■ **Instructions to follow**: Would you please repeat exactly the entries below, starting at the line with "Join us Thursday, September" and ending at the line with "Anders kann die", and nothing outside that range? Leave out the pictures.

■ **Dataset records**:

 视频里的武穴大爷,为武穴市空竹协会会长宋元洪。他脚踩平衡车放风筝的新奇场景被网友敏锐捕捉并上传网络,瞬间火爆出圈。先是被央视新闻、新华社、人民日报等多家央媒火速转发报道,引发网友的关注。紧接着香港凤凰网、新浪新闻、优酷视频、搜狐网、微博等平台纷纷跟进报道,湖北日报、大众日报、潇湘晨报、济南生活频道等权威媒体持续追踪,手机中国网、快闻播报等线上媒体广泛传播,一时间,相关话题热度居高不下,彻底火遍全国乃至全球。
--
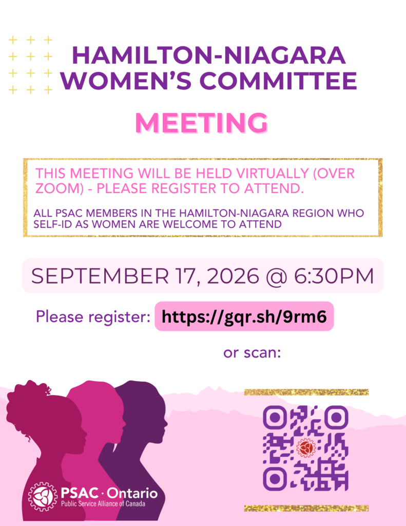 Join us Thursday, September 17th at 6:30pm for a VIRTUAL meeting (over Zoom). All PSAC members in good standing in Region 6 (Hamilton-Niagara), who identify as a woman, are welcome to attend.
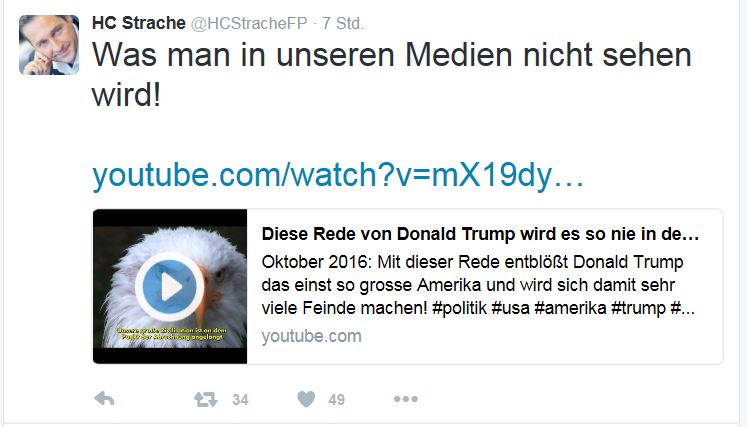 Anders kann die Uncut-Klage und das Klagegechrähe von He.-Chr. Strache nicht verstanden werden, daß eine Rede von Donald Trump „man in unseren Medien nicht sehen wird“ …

■ **Problem solution**:
 Join us Thursday, September 17th at 6:30pm for a VIRTUAL meeting (over Zoom). All PSAC members in good standing in Region 6 (Hamilton-Niagara), who identify as a woman, are welcome to attend.
 Anders kann die Uncut-Klage und das Klagegechrähe von He.-Chr. Strache nicht verstanden werden, daß eine Rede von Donald Trump „man in unseren Medien nicht sehen wird“ …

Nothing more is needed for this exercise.